Name	Type	Description
`Plot`	`matplotlib`	Optionally returns the data used for plotting if `return_data=True`.

Example

# Basic UMAP visualization with default settings
sm.pl.umap(adata, color='cell_type')

# UMAP visualization with log transformation and custom colormap
sm.pl.umap(adata, color='gene_expression', log=True, cmap='coolwarm')

# Facetted UMAP plotting with custom point size and saved figure
sm.pl.umap(adata, color=['cell_type', 'condition'], s=100, figsize=(10, 5), save_figure='/path/to/umap_plot.png')

Source code in scimap/plotting/umap.py

def umap(
    adata,
    color=None,
    layer=None,
    use_raw=False,
    log=False,
    label='umap',
    cmap='vlag',
    palette=None,
    alpha=0.8,
    figsize=(5, 5),
    s=None,
    ncols=None,
    tight_layout=False,
    return_data=False,
    saveDir=None,
    fileName='umap.pdf',
    **kwargs,
):
    """
    Parameters:
            adata (anndata.AnnData):
                The annotated data matrix.

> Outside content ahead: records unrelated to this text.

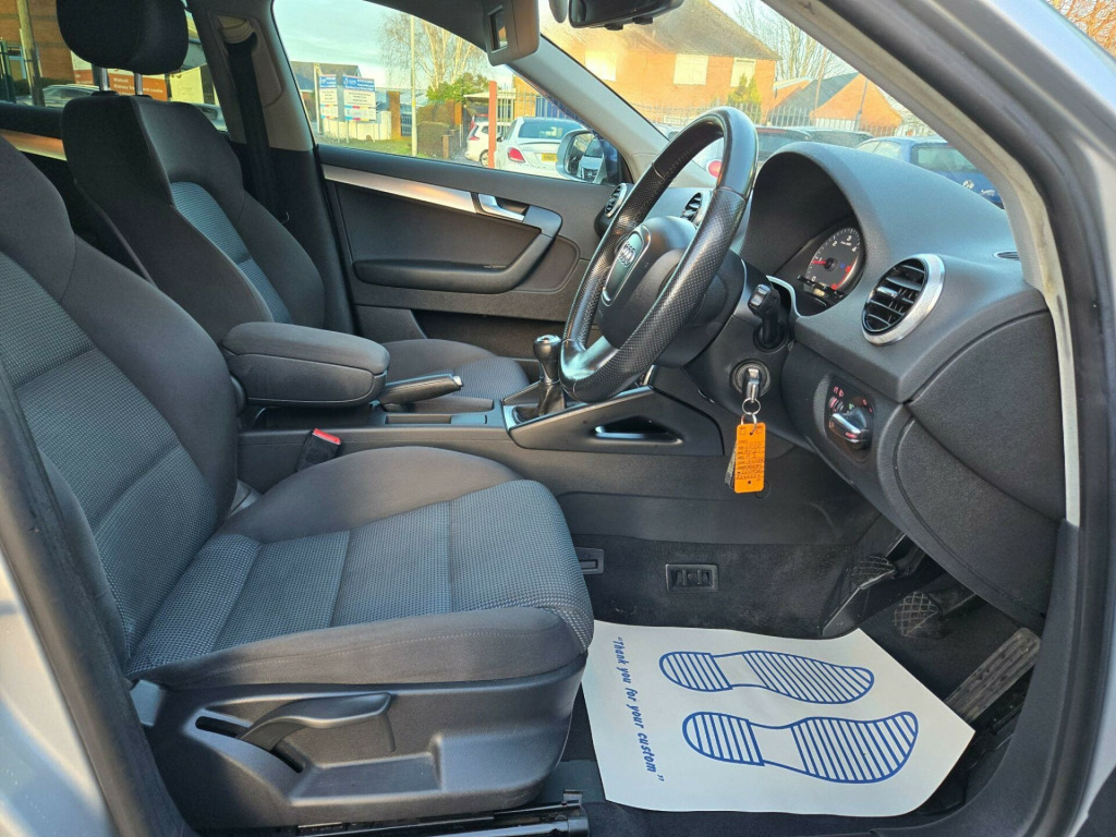 This 2010 Audi A3 TDI Sport. This particular model, with its 2.0 litre diesel engine and Sport trim, is designed for those who appreciate both economy and a dynamic driving experience. It features a generous boot space, making it practical for everyday use, heated seats, aftermarket touch screen radio fitted, aftermarket reversing camera also fitted, 2 keys, No service history with this as it's come in as a part ex, however a rather decent part ex, Only £35 Road tax, clean for the age, exterior some scuffs which can be seen in the photos, drives fine, any viewings welcome, test drives available, we accept debit cards, cash & bank transfer., in 5 arm kinetic design alloy wheels, 17in 5spoke star design alloy wheels, ashtray, auxiliary input socket, cigarette lighter, concert radio & single cd player with mp3 facility, deletion of model & engine designation at rear, front&rear floor mats, manual headlight levelling, medial aluminium inlay, non smoking pack, sports suspension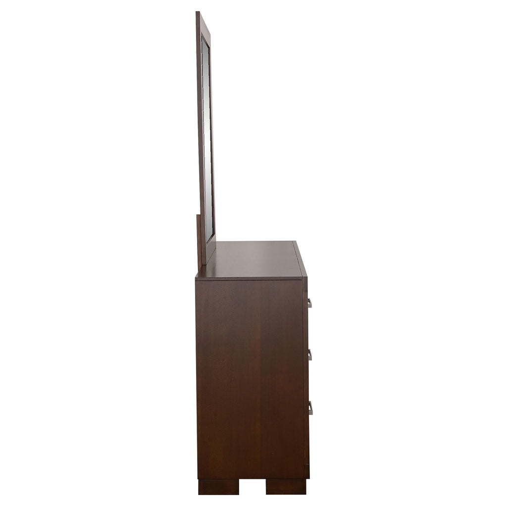 Infuse your bedroom with the sophisticated charm of this fashionable and functional six-drawer dresser. Offering ample storage with felt-lined drawers for delicate items, its rich cappuccino finish and silver bar handles exude elegance. Designed for versatility, it can grace a guest room or a master en suite with equal flair. Complete your contemporary set with the matching mirror, framed in cappuccino and featuring beveled glass, to ensure you always leave your home looking impeccable.
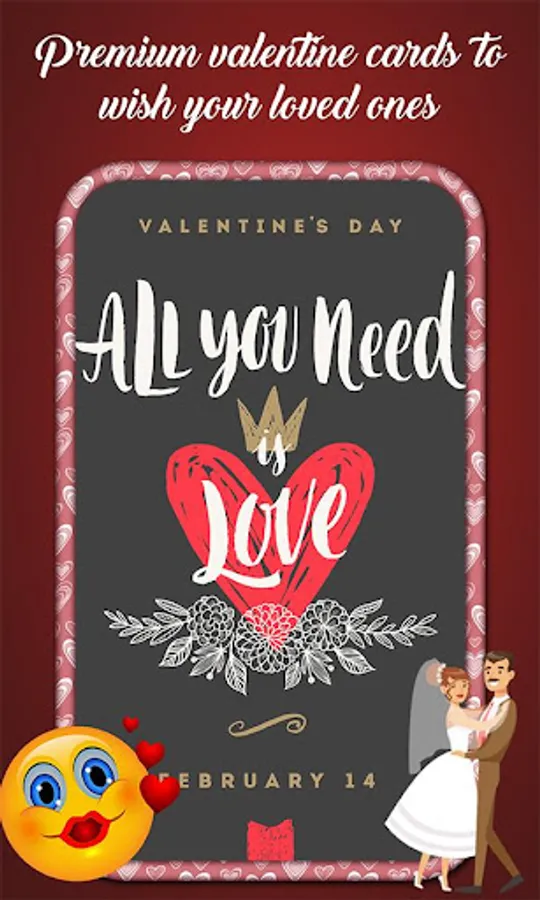 Enjoy sharing Premium Valentine cards and Special Valentine emoji to your loved ones.

            color (list, optional):
                List of keys from `adata.obs.columns` or `adata.var.index` to color the plot.
                Allows multiple keys for facetted plotting.

            layer (str, optional):
                Specifies the AnnData layer to use for UMAP calculations. Defaults to using `adata.X`.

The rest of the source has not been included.